═══ RECORDS FOR THE EXERCISE

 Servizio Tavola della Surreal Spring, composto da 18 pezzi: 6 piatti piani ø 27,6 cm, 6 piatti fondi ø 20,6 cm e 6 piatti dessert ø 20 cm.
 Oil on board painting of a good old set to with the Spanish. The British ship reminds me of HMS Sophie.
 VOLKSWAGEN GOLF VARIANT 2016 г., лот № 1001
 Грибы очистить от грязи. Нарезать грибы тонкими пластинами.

══════
═══ RECORDS FOR THE EXERCISE

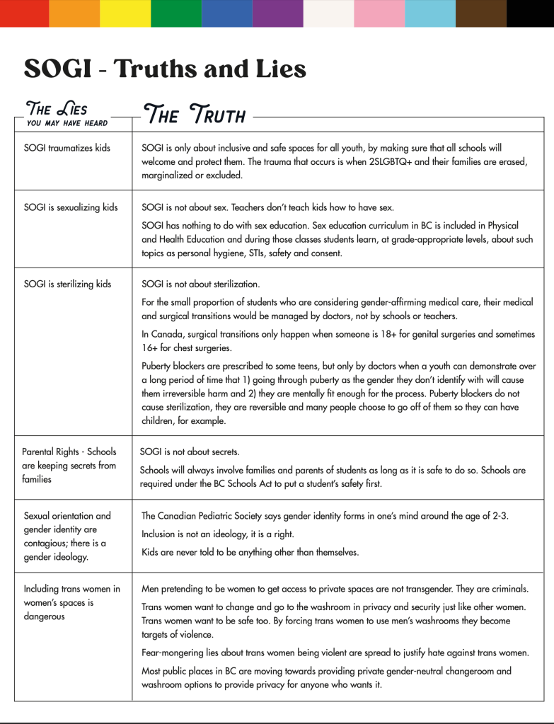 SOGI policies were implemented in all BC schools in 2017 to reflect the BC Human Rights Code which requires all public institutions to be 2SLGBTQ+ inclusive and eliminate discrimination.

══════
═══ RECORDS FOR THE EXERCISE

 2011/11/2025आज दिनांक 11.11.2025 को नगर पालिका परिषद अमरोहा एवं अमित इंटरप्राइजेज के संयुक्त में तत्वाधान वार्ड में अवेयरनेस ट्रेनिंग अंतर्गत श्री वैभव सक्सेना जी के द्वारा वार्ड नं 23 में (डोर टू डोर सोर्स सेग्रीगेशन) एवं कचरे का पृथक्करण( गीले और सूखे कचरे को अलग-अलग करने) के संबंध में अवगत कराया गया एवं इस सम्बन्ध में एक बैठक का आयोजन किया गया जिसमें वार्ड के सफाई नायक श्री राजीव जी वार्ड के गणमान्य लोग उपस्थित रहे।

══════

YOUR OBJECTIVE: Reproduce the lines above, beginning at the line with "VOLKSWAGEN GOLF VARIANT 2016 г., лот № 1001" and stopping after the line with "Грибы очистить от", exactly as they are.

RESULT FOR THIS EXERCISE:
 VOLKSWAGEN GOLF VARIANT 2016 г., лот № 1001
 Грибы очистить от грязи. Нарезать грибы тонкими пластинами.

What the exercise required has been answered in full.